Patients with a decreased absorption of nutrients from the small intestine usually have an underlying disease that leads to a predominant reduction in lipids. When a reduction in protein-only or protein-calorie nutrients (carbohydrates, fats) occurs, the clinical manifestations of weight loss are similar to those described above. Malabsorption of any nutrient may result from defects in the luminal, mucosal, or secretory phases of food absorption. For example, predominant fat malabsorption may be due to decreased lipolysis and micellar formation (luminal phase), decreased esterification and chylomicron formation (mucosal phase), and/or decreased lipoprotein secretion and lymphatic transport (secretory phase). The clinical manifestation of these defects usually includes steatorrhea in which the stool may contain unabsorbed dietary fatty acids, bile acids, or both. Patients often complain of an excessively large quantity or sticky stools. Unabsorbed fatty acids in the colon are converted by the intestinal bacteria to hydroxy fatty acids that stimulate excessive electrolyte and fluid secretion. The result is diarrhea, poor skin turgor, and hypotension, often with a concomitant loss of bicarbonate with metabolic acidosis and compensatory hyperpnea. Other clinical manifestations may result from a loss of the lipid-soluble vitamins (A, D, E, and K) as well as B12 and folate. These patients may have dermatitis, osteopenia, bleeding, anemia, and peripheral neuropathy. Other major nutrient losses, such as carbohydrates, may occur with a conversion in the colon to osmotically active fatty acids and resultant diarrhea. Protein losses in this setting produce the same clinical characteristics as seen in protein-only malnutrition.
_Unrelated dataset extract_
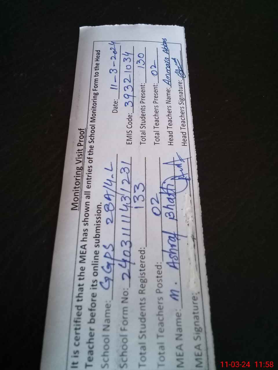 | EMIS Code: 39321034 | Name of School: GGPS CHAK NO. 28-A/4.L | |||

Weight Loss: Increased Metabolic Requirements

Patients with increased metabolic requirements may need a large calorie expenditure due to the demands of increased motor activity, increased metabolic rate, or both. The molecular mechanisms responsible for the associated weight loss are not well understood, but are probably due to a variety of hormone effects on multiple metabolic pathways. For example, thyroid hormone increases tissue sodium-potassium adenosine triphosphatase (ATPase) activity resulting in an excess synthesis of ATPase and concomitant loss of heat energy. Thyroid hormone also increases beta-adrenergic receptor sensitivity to catecholamines. Since metabolic regulation is also under neural control, an activation of the sympathetic nervous system results in increased circulating levels of catecholamines and glucagon and impaired insulin secretion. The clinical signs of catecholamine excess, while self-protective acutely, may chronically become self-destructive with diaphoresis, tachycardia, and hypertension. Some patients also develop diarrhea and lose nutrients in the stool.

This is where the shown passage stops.